Bengali and English/Updating Bilingual Dictionary

From Apertium
Jump to navigation Jump to search

We are going to try adding more adjective entries in the bn-en bdix. Assuming that we are in the apertium-bn-en folder (download it from the svn), try this,

lt-expand apertium-bn-en.bn.dix| grep '<adj>' | sed 's/:>:/:/g' | sed 's/:<:/:/g' | cut -f2 -d':' | tee /tmp/foo1 | sed 's/^/^/g' | sed 's/$/$/g' | \
sed 's/$/^.<sent>$/g'  | apertium-pretransfer  | apertium-transfer apertium-bn-en.bn-en.t1x bn-en.t1x.bin bn-en.autobil.bin | \
apertium-interchunk apertium-bn-en.bn-en.t2x bn-en.t2x.bin | apertium-postchunk apertium-bn-en.bn-en.t3x bn-en.t3x.bin  | tee /tmp/foo2 | \
lt-proc -g bn-en.autogen.bin > /tmp/foo3 && paste /tmp/foo1 /tmp/foo2 /tmp/foo3 | egrep -v '\+' | egrep -v '@' | cut -f1 | \
perl -pe 's/<comp>|<sup>//g' | python dev/uniq.py

we used grep '<adj>' to filter out the adjectives, and perl -pe 's/<comp>|<sup>//g' to remove the tags inflection tags from every adjective entry. Then we used uniq.py to filter the uniq entries instead of shell's 'uniq', which is not fully Unicode compliant.

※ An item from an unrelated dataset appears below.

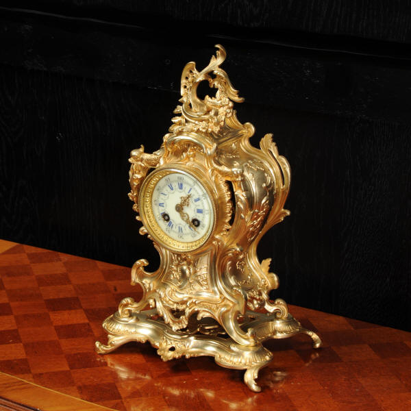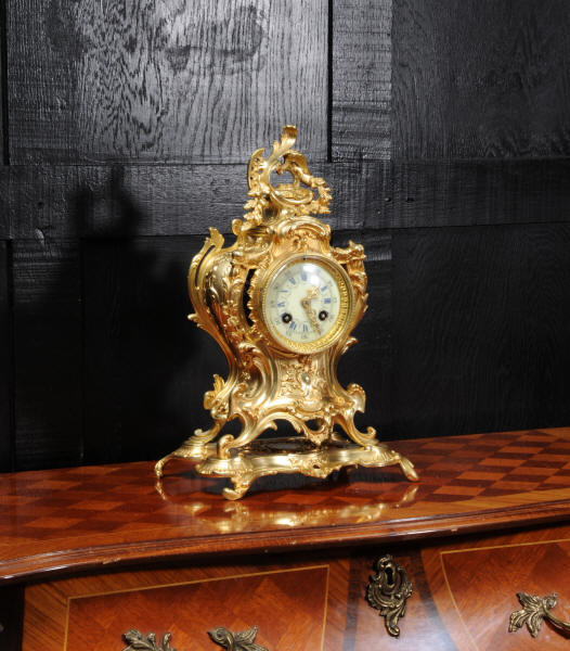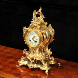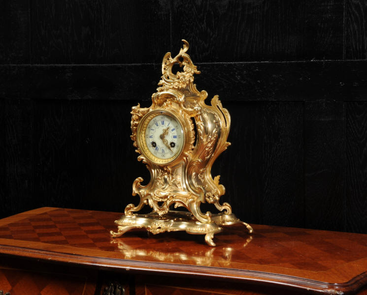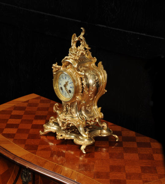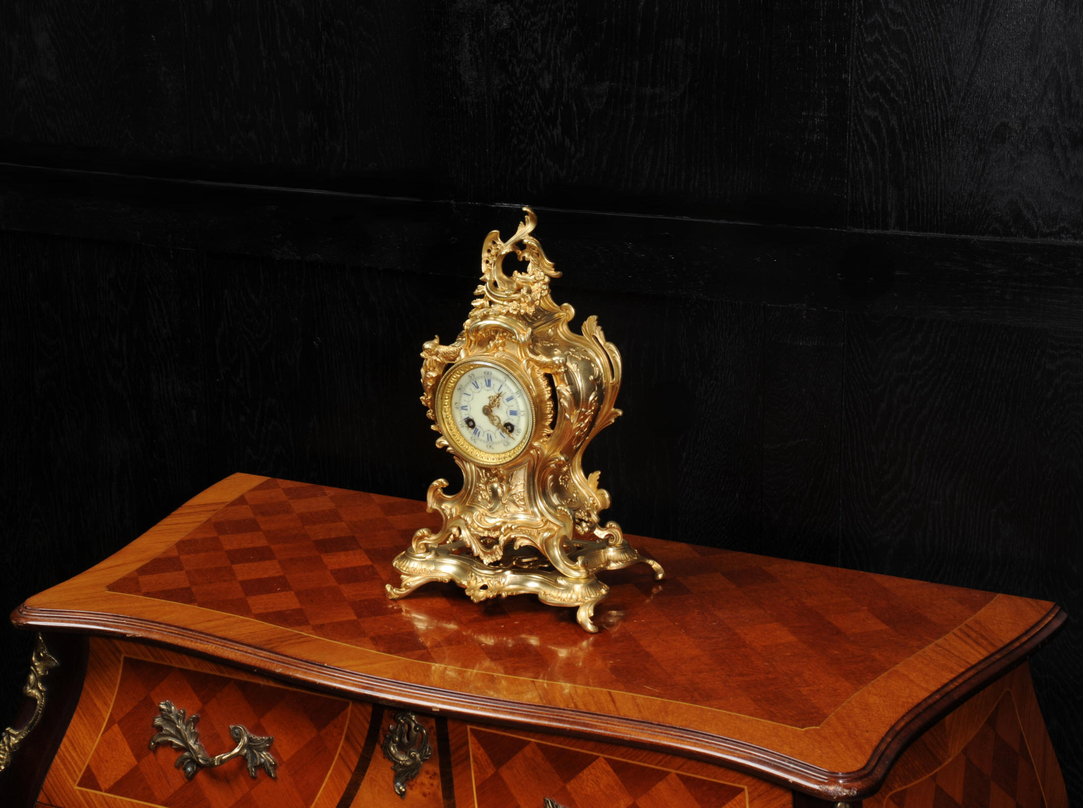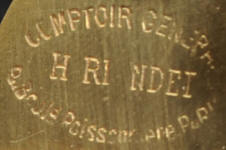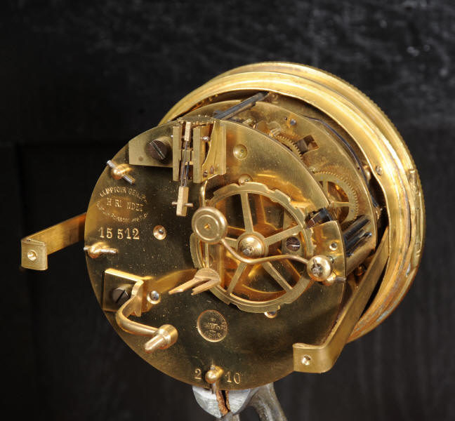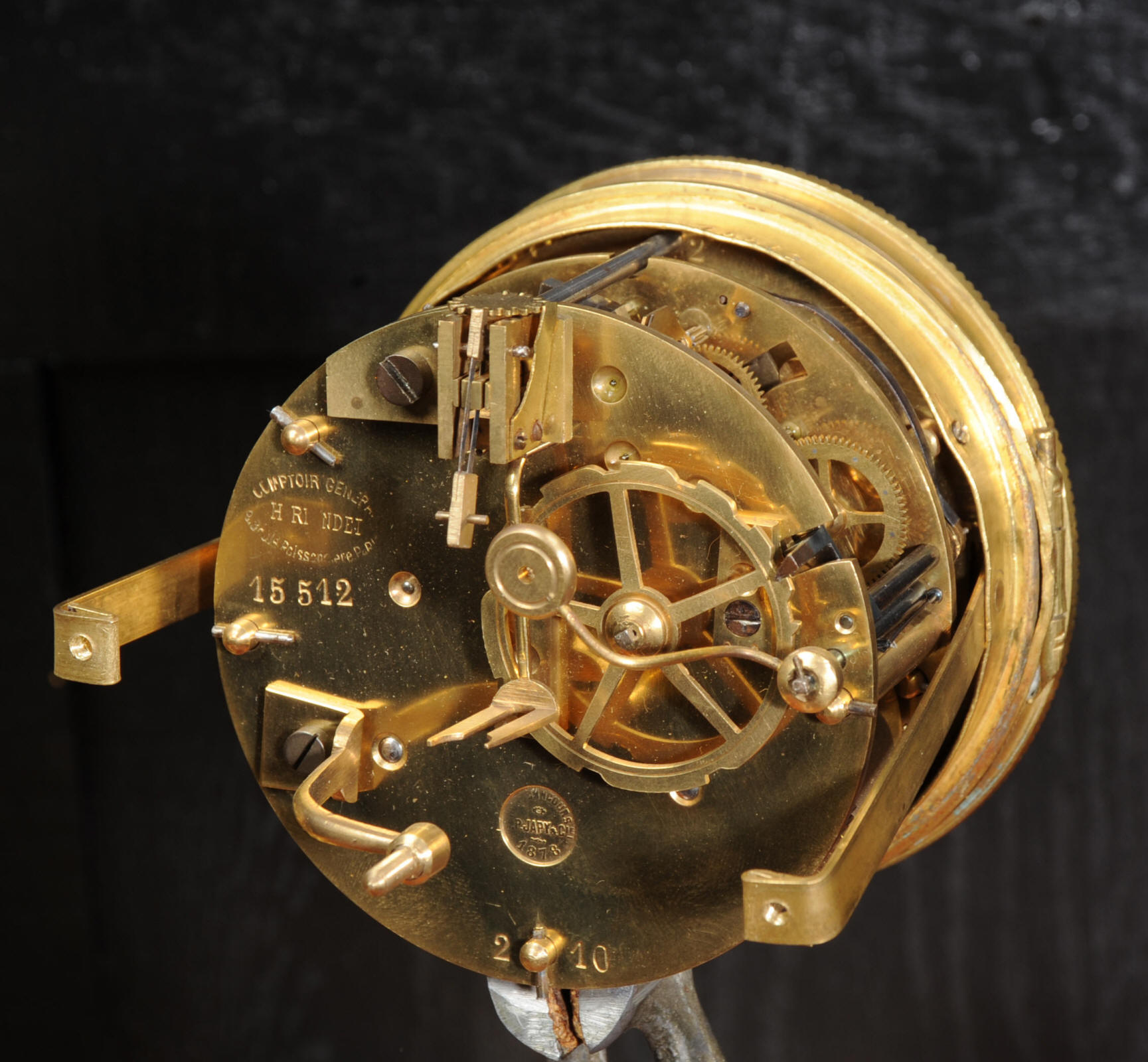 The dial is cream porcelain enamel, lettered in blue. It is complete with it's original finely fretted gilt hands and convex glazed bezel. The French movement is by Louis Japy and is in excellent clean and running condition having been fully overhauled by our clockmaker. Pendulum is a replacement. It runs for 8 days and strikes the hours and halves on a bell. Click the video clip below to hear the bell and watch the clock running. According to an advertisement in the 1896 issue of Didot-Bottin (directory and almanac for commerce, industry, judicial and civil services) the Maison H. Riondet, Comptoir General, a retailer, was one of ‘the most well-stocked shops for everything from: jewellery, bronze art objects, timepieces & furniture, precious stones, marble sculptures, silverware, ceiling lights & white metal, chandeliers, cutlery, lamps & diamond-facetted fireplaces, travel clocks, “fine-stone” pearls.’ It boasted ‘factory prices’ and ‘retail stores in Paris with no other branches, representatives, or offices in any other city, French or foreign.’ Maison H. Riondet was located at 9, boulevard Poissonnière and 45, rue du Sentier in Paris. The 1911 Annuaire de la Curiosité et des Beaux-Arts, a directory of curiosities and fine art, shows that the retailer was a member of the bronze manufacturing trade union. Intersecting the grand Parisian boulevards, the Comptoir Général was located on the royal route, which under the Second Empire already connected the Madeleine to the Gymnase Theatre. The retailer figured among the great Parisian stores of the late nineteenth-century, providing “free entry” to customers. Strolling from the Place de la Madeleine to the Café des Variétés on Boulevard Montmartre, elegant crowds stopped to admire the store’s display windows, stocked in an abundant and spectacular manner. The Comptoir Général was contemporary with other great department stores of the period, like the Grands Magasins du Louvre, Bon Marché, and La Samaritaine, and attested to the new forms of commerce developing during the second half of the nineteenth century. These stores became showcases; advertising in newspapers, they offered the consumer a diverse and varied product, displayed in a way that was elaborate and luxurious.
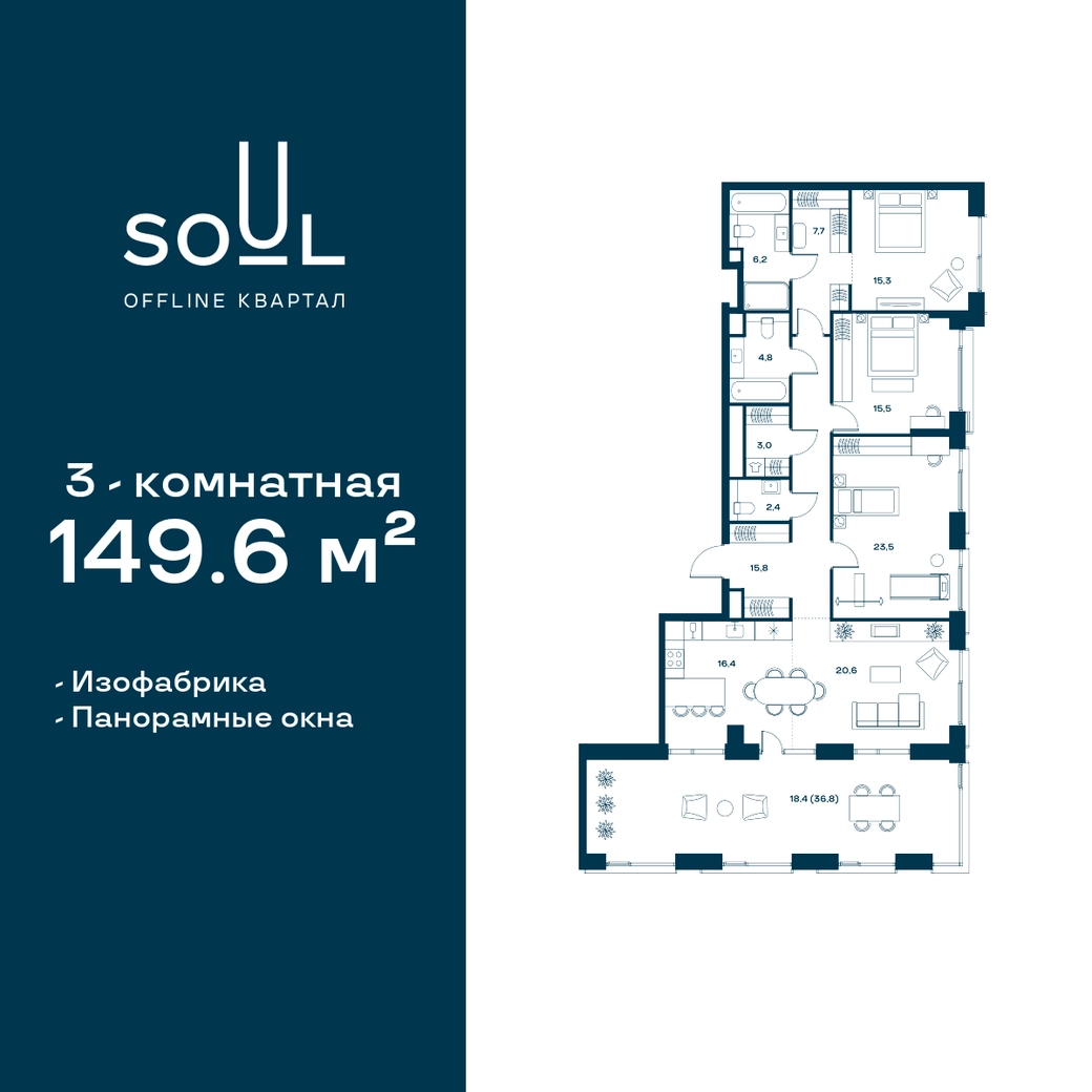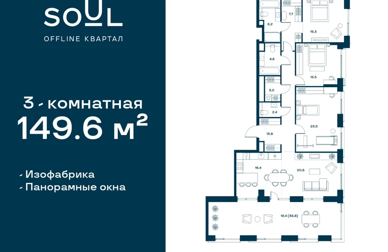 Цены указаны с условием 100% оплаты и стандартной ипотеки. Прямая продажа от застройщика! Продается 3-к. квартира номер 203 общей площадью 149.6 кв.м. на 25-м этаже 25 этажного дома, Корпус 3. С отделкой White Box Max. Проект бизнес-класса SOUL от девелопера FORMA. До метро Сокол 10 мин пешком. Архитектура от британского бюро SimpsonHaugh. Благоустройство дворов — Gillespies и GAFA. Территория состоит из культурного парка и приватных дворов. Озеленение в эстетике лесного оазиса. Насыщенное благоустройство: прогулочные тропинки, релакс-зоны, пряный и сенсорный сады, развивающие детские площадки и воркауты. В центре проекта объект культурного наследия — общественное пространство Изофабрика, построенная в 30-х годах по проекту архитектора Георгия Гольца. Здесь будут располагаться мастерские для взрослых и детей, выставочные залы, коворкинги, образовательный центр, рестораны и кафе. Квартиры с панорамными окнами, мастер-спальнями, гардеробными, классическими балконами и лоджиями, видовыми террасами. Высота потолков от 2,9 до 3,5 м. В проекте 2 детских сада на 100 и 200 малышей. Клубная гостиная, фитнес-рум, детская игровая комната, дизайнерские лобби, подземный паркинг и келлеры.О застройщике

Assume that we have this output saved in dev/bdix/adjective.list file. Let's see how the file looks like in the first glance.

চিহ্নিত<adj><mf>
মঞ্চস্থ<adj><mf>
ভিন্ন<adj><mf>
শিক্ষিত<adj><mf>
শাসক<adj><mf>
অন্তর্ভুক্ত<adj><mf>

Now we are going to add corresponding English entries to this file. So after adding entries the file looks like this

চিহ্নিত<adj><mf>    marked
মঞ্চস্থ<adj><mf>    #
ভিন্ন<adj><mf>    different
শিক্ষিত<adj><mf>    educated
শাসক<adj><mf>    ruler    !
অন্তর্ভুক্ত<adj><mf>    included